The U.S. Department of Energy has awarded $3.9 million to an international collaboration led by University of Arizona ecologists Scott Saleska and Virginia Rich to study how microbes release greenhouse gases as they access nutrients in thawing permafrost soils under the influence of a warmer climate.

The project aims to explain how microbe-driven processes influence climate change, and in what ways climate-driven changes, such as changes in soil chemistry and changes in plant communities, feed back on those microbial processes. The team hopes the results will help solve what Saleska, a professor in the UA Department of Ecology and Evolutionary Biology, calls the "big biology problem" in climate change.

"Even if we know how much fossil fuel is burned, we don't know how much climate is actually going to change because we don't know how biology as a whole – animals, plants, microbes – will respond," he said. "How do microbial processes affect the environment? These relationships still are mostly a black box."

One third of the world's carbon is locked away in permafrost soils around the world – areas where the ground stays frozen year-round. In many areas, though, warmer temperatures have started to change things; soils that used to be frozen year-round have begun to thaw during certain times of the year while others experience longer seasonal thawing or thaw down to deeper depths than they used to.

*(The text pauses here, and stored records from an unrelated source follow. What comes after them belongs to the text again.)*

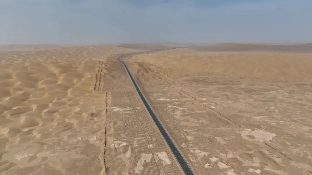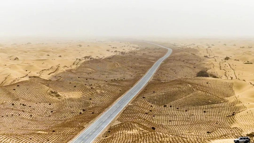 在世界第二大流动沙漠修公路,光靠吃苦耐劳还不够,关键是要解决好防沙固沙难题。怎样保护公路免遭黄沙掩埋?建设者采用了“中国魔方”,体现了中国智慧的“草方格”技术。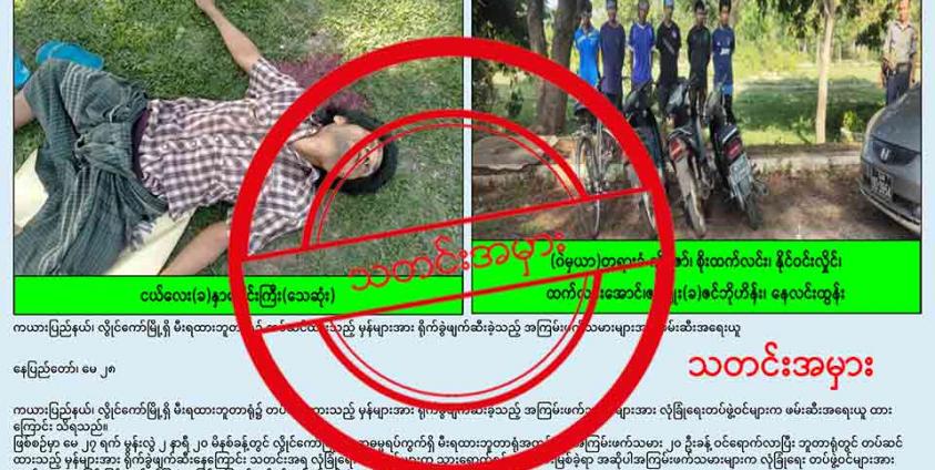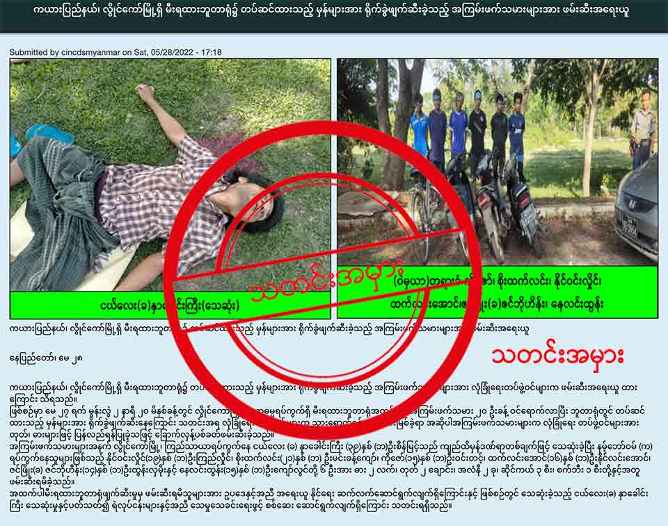 သာမန်အရပ်သား ပြည်သူတွေဖြစ်တဲ့ အဲဒီလူတွေကို အကြမ်းဖက်သမားပါ ဆိုပြီး စစ်ကောင်စီရဲ့ ထုတ်ပြန်ပြော ဆိုမှုဟာ သတင်းအချက်အလက်အမှားတွေကို အခြေခံထားတဲ့ သတင်းအမှားဖြစ် တယ်ဆိုတာကို စိစစ်တွေ့ ရှိရ ပါတယ်။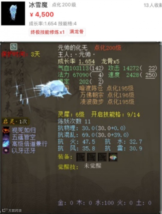 最近很多玩家热衷于修终极,藏宝阁的问号召唤兽都开始涨价了,今天这位大哥耀修两只问号冰雪魔和一只问号天龙女,希望能顺利爆出化无!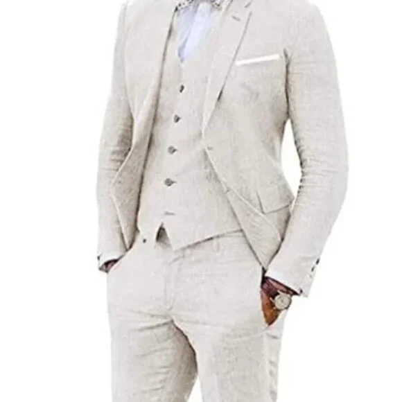 3 Piece Linen Suit - Ivory Mens Suit - Vested summer SuitButton ClosureNotch LapelSingle BreastedSlim Fit70% Rayon, 30% LinenOne Chest PocketTwo Flap Front PocketColor: Ivory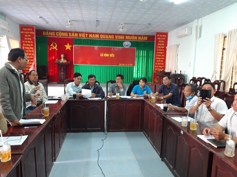 Địa bàn xã Vĩnh Điều với diện tích tự nhiên 10.272,51ha, 6 ấp với 41 tổ NDTQ; 02 hợp tác xã (HTX) và 26 Tổ hợp tác (THT). UBND xã yêu cầu Ban lãnh đạo ấp cùng HTX và các THT bố trí họp dân tuyên truyền, phổ biến nội dung các dự án và vận động nông dân đăng ký tham gia, tổng hợp danh sách nông dân đăng ký các mô hình và dự án đảm bảo hiệu quả.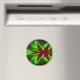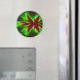 Este imán presenta una imagen fractal que se asemeja a una mística libélula roja rodeada de brillantes llamas verdes.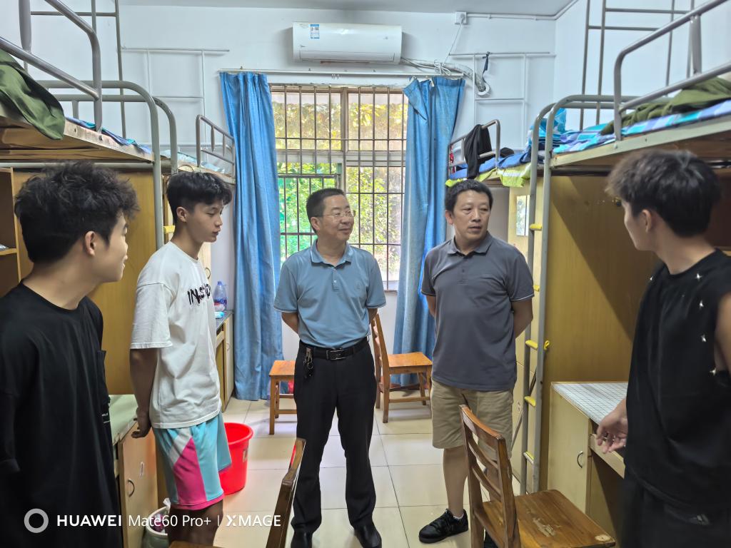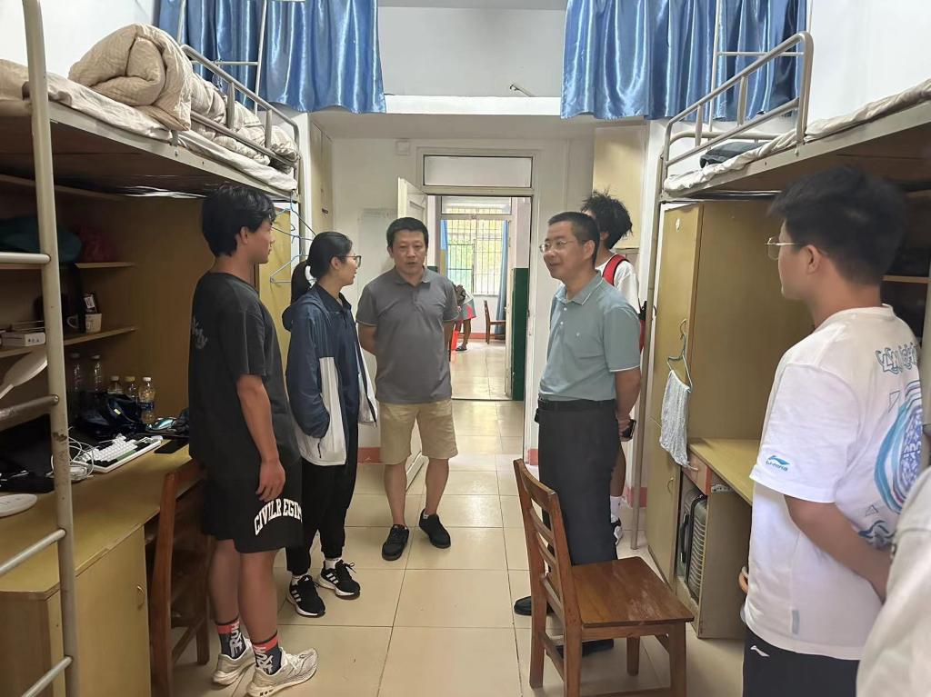 9月6日下午,为及时全面了解2024级新生入学后的生活和思想状况,ac米兰官方网站党委书记付和忠、党委副书记冯亚兵、学生科副科长路鹏以及新生班班主任等深入新生宿舍,看望2024级全体新生。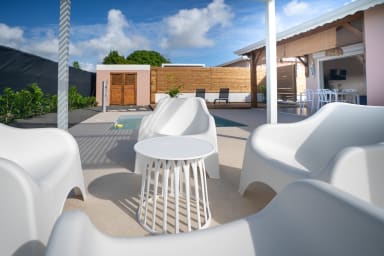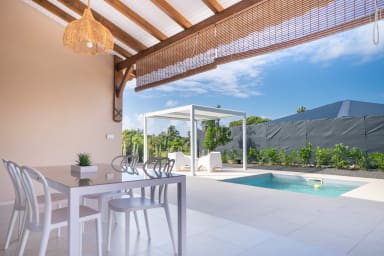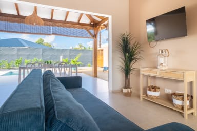 Private swimming pool, peaceful setting with no overlooking neighbors, just a few minutes from the famous Raisins Clairs beach. Perfect for 4 guests with its 2 air-conditioned bedrooms in an intimate atmosphere.
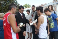 Po meczach finałowych odbył się mecz pokazowy pomiędzy pracownikami Urzędu Miasta Nowego Sącza i nauczycielami wychowania fizycznego Zespołu Szkół Samochodowych. Mecz zakończył się sprawiedliwym remisem 4:4. Na zakończenie turnieju drużyny oraz ich opiekunowie otrzymali z rąk wiceprezydent Bożeny Jawor oraz Dyrektora Zespołu Szkół Samochodowych Andrzeja Góry pamiątkowe dyplomy, medale, puchary i nagrody rzeczowe.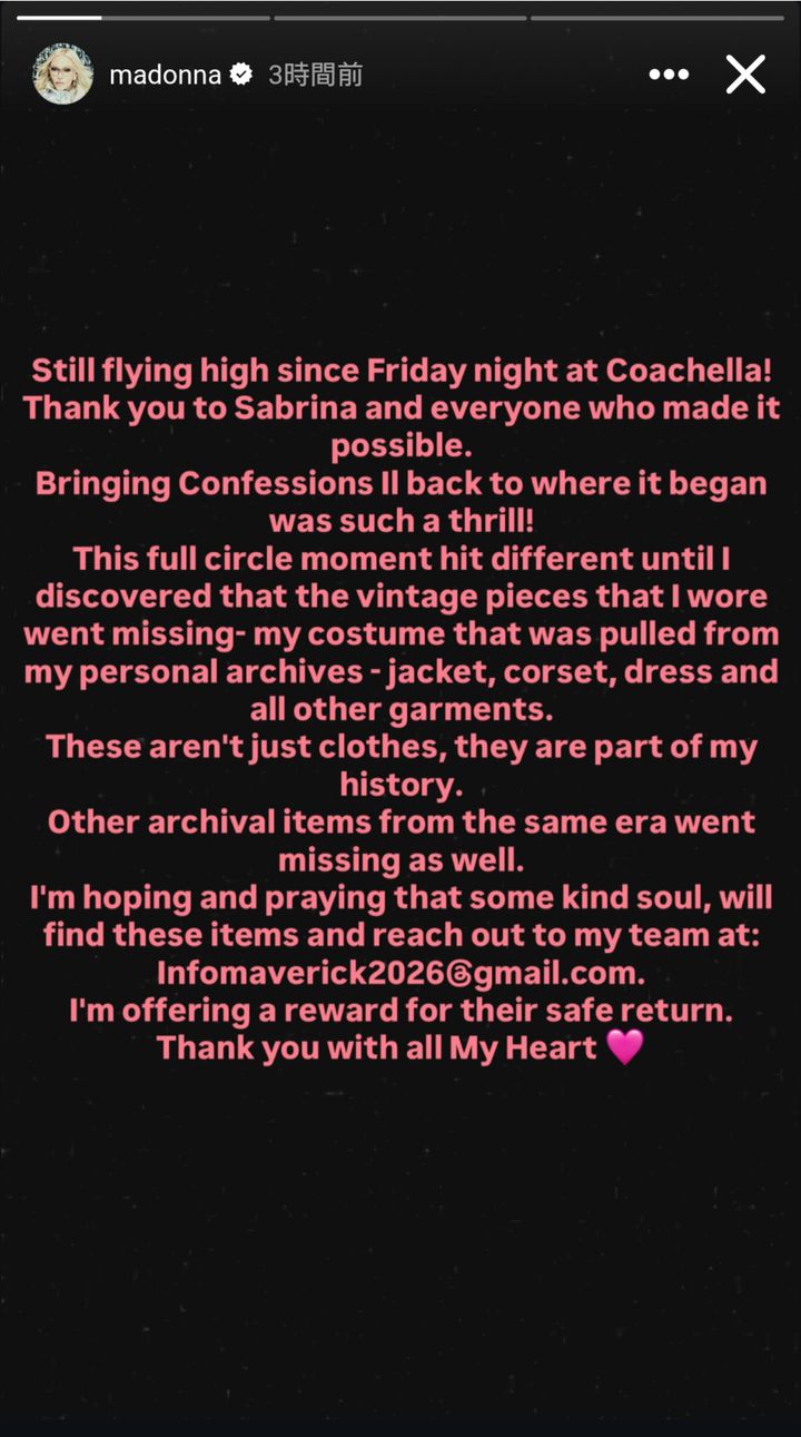 4月20日(現地時間)、マドンナがインスタグラムのストーリーズを更新し、コーチェラ・フェスティバルのステージで着用した貴重なアーカイブ衣装が紛失したことを発表した。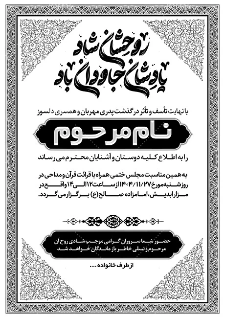طرح خام دعوتنامه ترحیم دارای خوشنویسی روحشان شاد یادشان جاودان باد کد فایل 5863074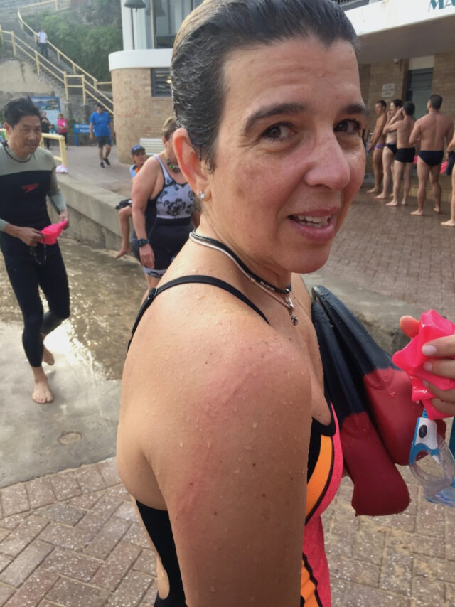 Returning 6:30am swimmer Karel was the first indication that the blueys were lurking. He was rubbing an arm on exit!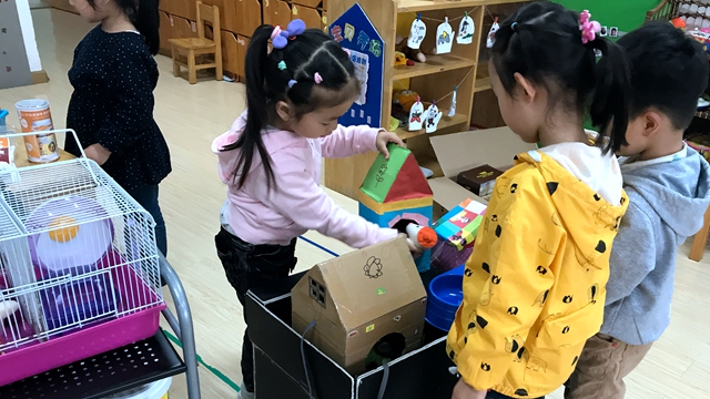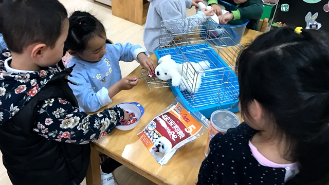 比如在小班开设的创造性游戏中,小二班有小朋友提出要开一家店,老师问他们是什么店,他们说:“这家店是专门养狗、养猫养鸟的”,“那这家店里专门养这些小动物有什么用呢?”“我们养这些小动物可以让别人来买,买回家养着可有趣了”。于是小朋友都决定开一个 “宠物店”。瞧,小兔饿了,给它喂点吃的吧,小猫渴了,给它喝点水吧,小老鼠累了,让它躺着睡觉吧,小狗脏了,帮它洗洗干净吧!小朋友个个都忙的不亦乐乎。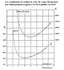 En ordonnées du graphe ci-contre à gauche sont les coefficients de Traînée K et K’ tels que les utilisait Eiffel et qui ne sont pas strictement adimensionnels[24]. K est le coefficient de traînée référencé à la section frontale des corps et K’ celui référencé à la puissance 2/3 du volume des corps[25],[23]. En 1927, dans la soufflerie du Nayy Aerodynamic Laboratory de Washington, Zahm, Smith et Louden mesureront la traînée de corps de mêmes sections, de formes homothétiques et d’allongement 1 à 10[26]. Ces mesures confirment les courbes établies par les chercheurs européens.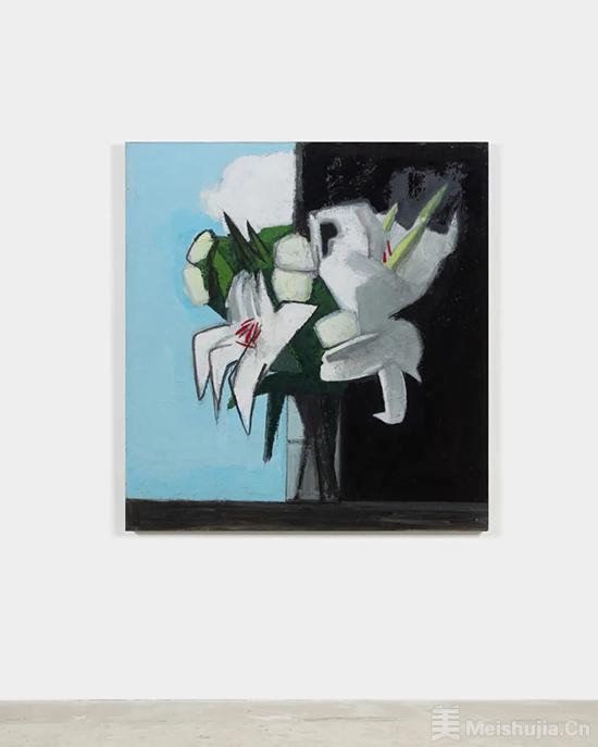 刘晓辉曾在十年前检视花卉和自然等主题,以月季等花卉为题创作纸本绘画作品,并在2021年重新关注花卉主题,创作了一系列以朴素温和的木槿为题的画作。对于刘晓辉来说,如劳作一般长期持续的绘画实践在很大程度上影响了他在近年处理花卉型态及色彩的方式,也促使其将花卉视作是自然、不造作、本真姿态的象征——绘画笔触的姿态应效仿或映照花卉的自然状态。出现在“香港的花”展览中的花卉植物包括百合、红白两色木槿、绣球和蔷薇等;刘晓辉在不同规模的画面中反复检视植物的型态特质,通过色彩反差和富有秩序感的空间安排描绘花朵貌似恬静却又富有强烈生命力和个性的图景。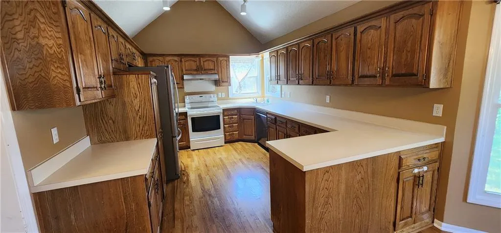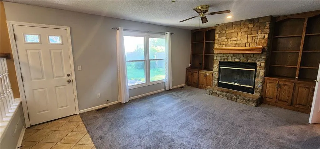 +"PublicRemarks": "Cul-de-sac location super close to Garmin, walking distance to schools, and close (but not too close) drive to I-35! Lots of space to spread out with 3 Living Spaces: main level Living Room, the Garage Level Family Room and the Partially Finished Sub-Basement. Hardwood flooring runs from the Front Entry to the Kitchen and on into the Dining Area which has a Bay Window Expanding the Room to allow for a larger dining table. An impressive amount of counter and cabinet space in the Kitchen which is Open to the Dining Area and Family Room below. Family Room with built-in display shelving and closed cabinets flanking the fireplace. Primary Suite with 2 walk-in closets and a double vanity! No HOA! New dishwasher last year. Window World replacement windows 2011 making the home more energy efficient. Radon mitigation system already installed. Roof replaced approx 2011. Selling As Is. Are you handy? Good at drywall repairs and painting? How about a little bit of exterior siding repair? This may be the perfect home for you and is priced where you can afford to fix it up! Repairs made to primary bath shower but drywall around and below shower (garage ceiling) have not been completed. Sub-basement foundation leak was corrected years ago but drywall and carpet were never replaced. There was a chimney fire 2005 (or prior) - you may want to consider using the fireplace with candles or having a ventless or electric fireplace installed. Large shed in the fenced backyard for extra storage. See completed foundation work from 2020-2021 attached to the seller's disclosure. To give you a feel of the floorplan, there is a video walk through in the Virtual Tour Link."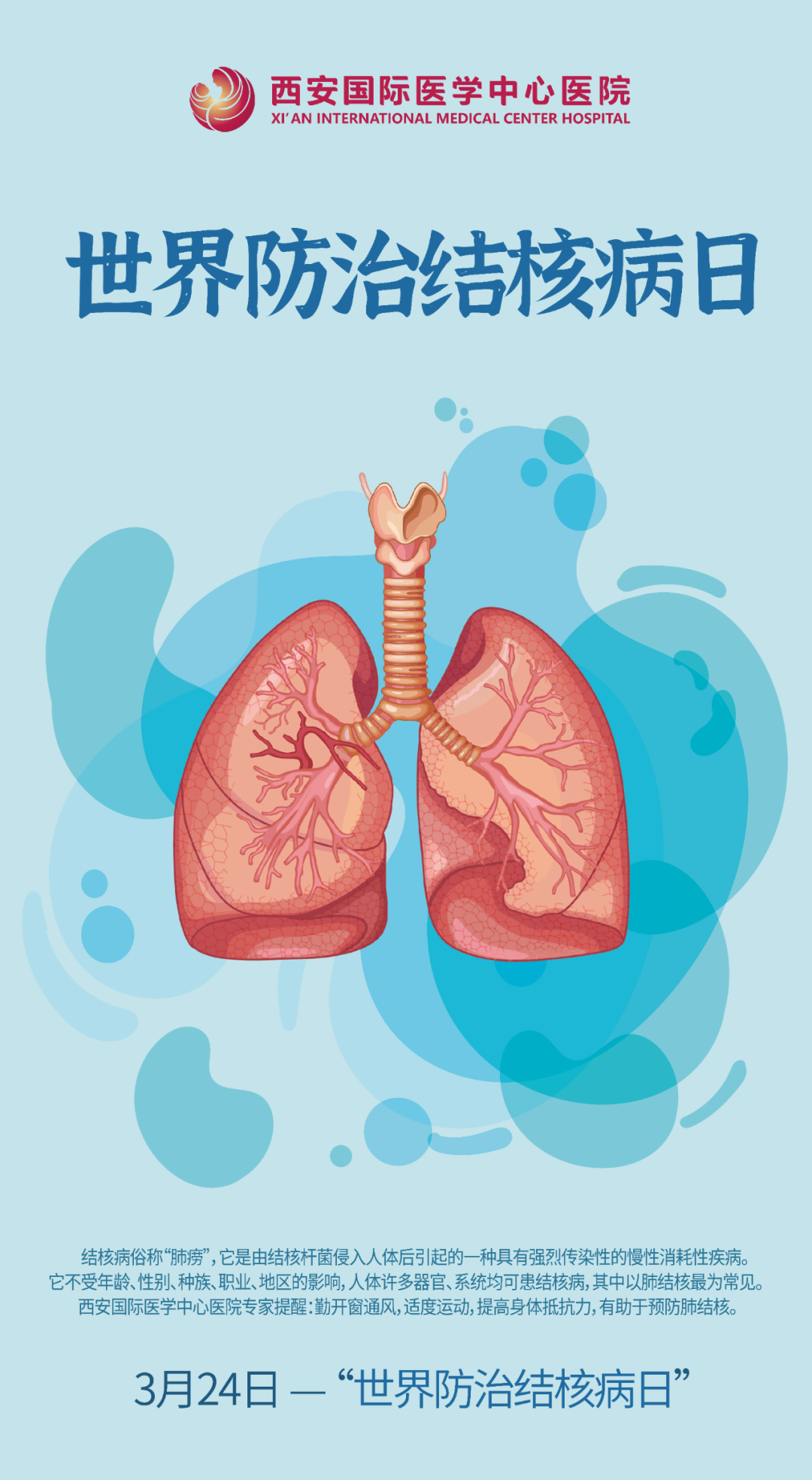 2021年3月24日是第26個(gè)世界防治結(jié)核病日,今年我國(guó)的宣傳主題是:“終結(jié)結(jié)核流行、自由健康呼吸”。作為呼吸道傳染病,肺結(jié)核究竟是什么?對(duì)我們的身體有哪些危害?今天,預(yù)防保健科閆蓓醫(yī)生為大家介紹相關(guān)知識(shí)。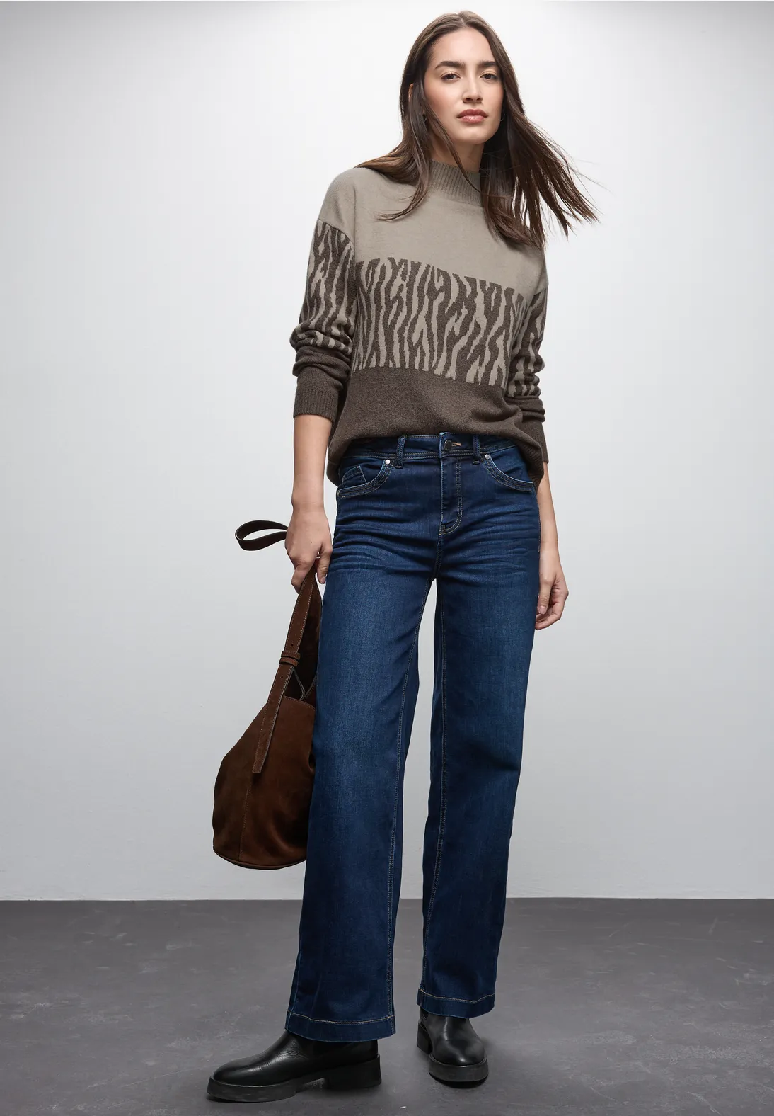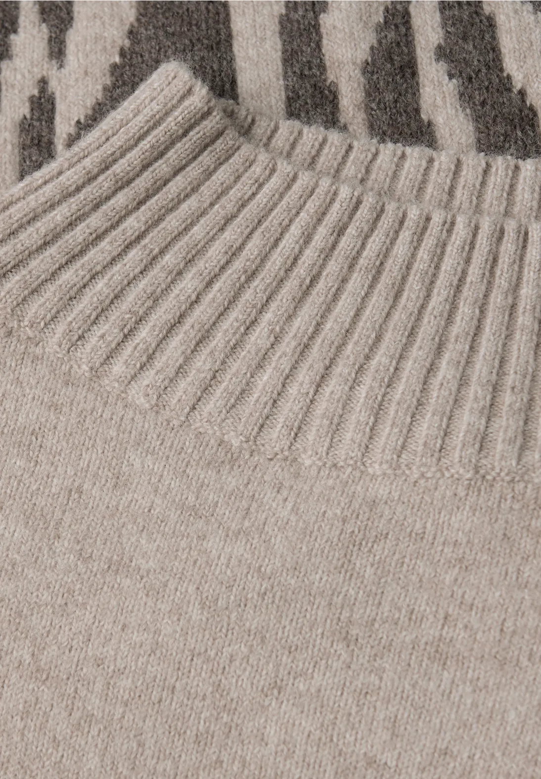 Tento dámsky pletený sveter od Street One s výrazným žakárovým vzorom v kombinácii farebných blokov určite upúta pozornosť.

"As the system warms, we see the seasonal thaw go deeper and deeper, and eventually, everything thaws at some point over the year and the permafrost is going away," Saleska explained. "This is already happening and if we don't take steps to avoid climate change, we expect this type of ecosystem to be gone within the next 100 to 200 years."

This peat permafrost region is a sentinel ecosystem of global change, according to Rich, who is a faculty member in the UA Department of Soil, Water and Environmental Science and, together with Saleska, an affiliate of the UA Institute of the Environment.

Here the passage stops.